*What is needed*:
Reproduce the listing below exactly, except for its pictures.

*Stored data*:
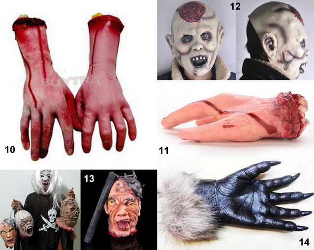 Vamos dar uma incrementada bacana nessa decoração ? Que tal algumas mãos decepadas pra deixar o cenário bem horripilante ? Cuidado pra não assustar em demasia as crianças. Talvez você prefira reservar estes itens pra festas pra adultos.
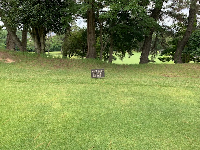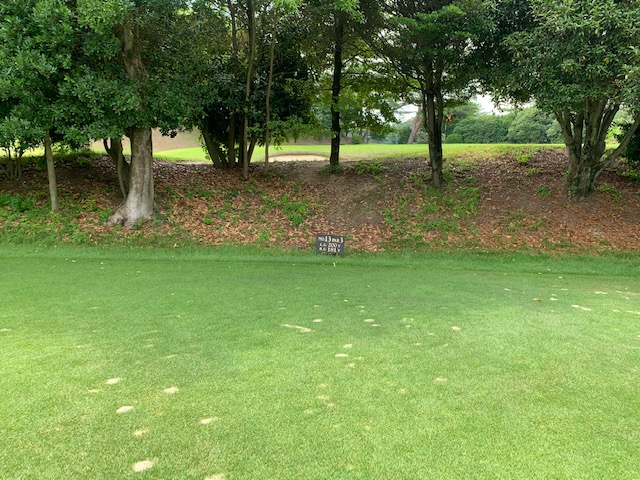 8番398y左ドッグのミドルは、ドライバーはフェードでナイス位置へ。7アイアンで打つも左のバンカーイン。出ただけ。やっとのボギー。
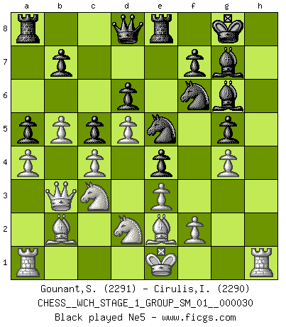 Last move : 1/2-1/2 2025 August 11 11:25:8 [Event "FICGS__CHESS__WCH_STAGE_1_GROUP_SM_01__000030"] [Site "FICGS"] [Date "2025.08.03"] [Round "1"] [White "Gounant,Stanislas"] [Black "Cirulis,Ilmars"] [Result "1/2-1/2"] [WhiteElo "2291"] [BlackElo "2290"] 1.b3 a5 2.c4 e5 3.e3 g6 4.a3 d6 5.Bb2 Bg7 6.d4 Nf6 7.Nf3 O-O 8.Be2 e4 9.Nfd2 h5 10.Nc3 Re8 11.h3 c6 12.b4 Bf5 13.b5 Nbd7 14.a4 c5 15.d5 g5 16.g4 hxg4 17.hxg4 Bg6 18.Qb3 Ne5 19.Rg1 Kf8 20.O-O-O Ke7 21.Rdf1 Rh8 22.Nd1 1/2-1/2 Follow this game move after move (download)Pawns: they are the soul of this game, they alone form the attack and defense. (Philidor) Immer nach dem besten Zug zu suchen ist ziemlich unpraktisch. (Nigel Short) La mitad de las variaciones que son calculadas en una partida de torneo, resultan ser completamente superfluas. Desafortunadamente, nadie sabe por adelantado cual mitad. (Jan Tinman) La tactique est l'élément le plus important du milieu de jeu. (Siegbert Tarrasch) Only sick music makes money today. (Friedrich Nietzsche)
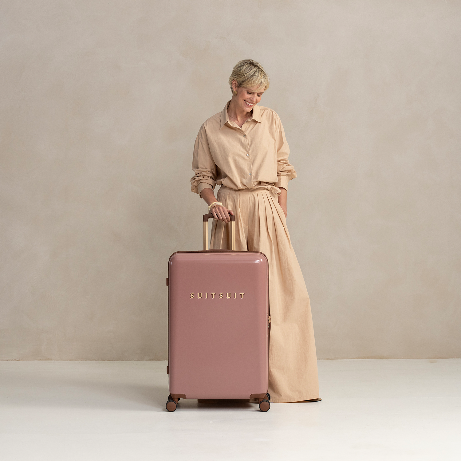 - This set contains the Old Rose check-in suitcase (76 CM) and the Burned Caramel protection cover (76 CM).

*Result below*:
 Vamos dar uma incrementada bacana nessa decoração ? Que tal algumas mãos decepadas pra deixar o cenário bem horripilante ? Cuidado pra não assustar em demasia as crianças. Talvez você prefira reservar estes itens pra festas pra adultos.
 8番398y左ドッグのミドルは、ドライバーはフェードでナイス位置へ。7アイアンで打つも左のバンカーイン。出ただけ。やっとのボギー。
 Last move : 1/2-1/2 2025 August 11 11:25:8 [Event "FICGS__CHESS__WCH_STAGE_1_GROUP_SM_01__000030"] [Site "FICGS"] [Date "2025.08.03"] [Round "1"] [White "Gounant,Stanislas"] [Black "Cirulis,Ilmars"] [Result "1/2-1/2"] [WhiteElo "2291"] [BlackElo "2290"] 1.b3 a5 2.c4 e5 3.e3 g6 4.a3 d6 5.Bb2 Bg7 6.d4 Nf6 7.Nf3 O-O 8.Be2 e4 9.Nfd2 h5 10.Nc3 Re8 11.h3 c6 12.b4 Bf5 13.b5 Nbd7 14.a4 c5 15.d5 g5 16.g4 hxg4 17.hxg4 Bg6 18.Qb3 Ne5 19.Rg1 Kf8 20.O-O-O Ke7 21.Rdf1 Rh8 22.Nd1 1/2-1/2 Follow this game move after move (download)Pawns: they are the soul of this game, they alone form the attack and defense. (Philidor) Immer nach dem besten Zug zu suchen ist ziemlich unpraktisch. (Nigel Short) La mitad de las variaciones que son calculadas en una partida de torneo, resultan ser completamente superfluas. Desafortunadamente, nadie sabe por adelantado cual mitad. (Jan Tinman) La tactique est l'élément le plus important du milieu de jeu. (Siegbert Tarrasch) Only sick music makes money today. (Friedrich Nietzsche)
 - This set contains the Old Rose check-in suitcase (76 CM) and the Burned Caramel protection cover (76 CM).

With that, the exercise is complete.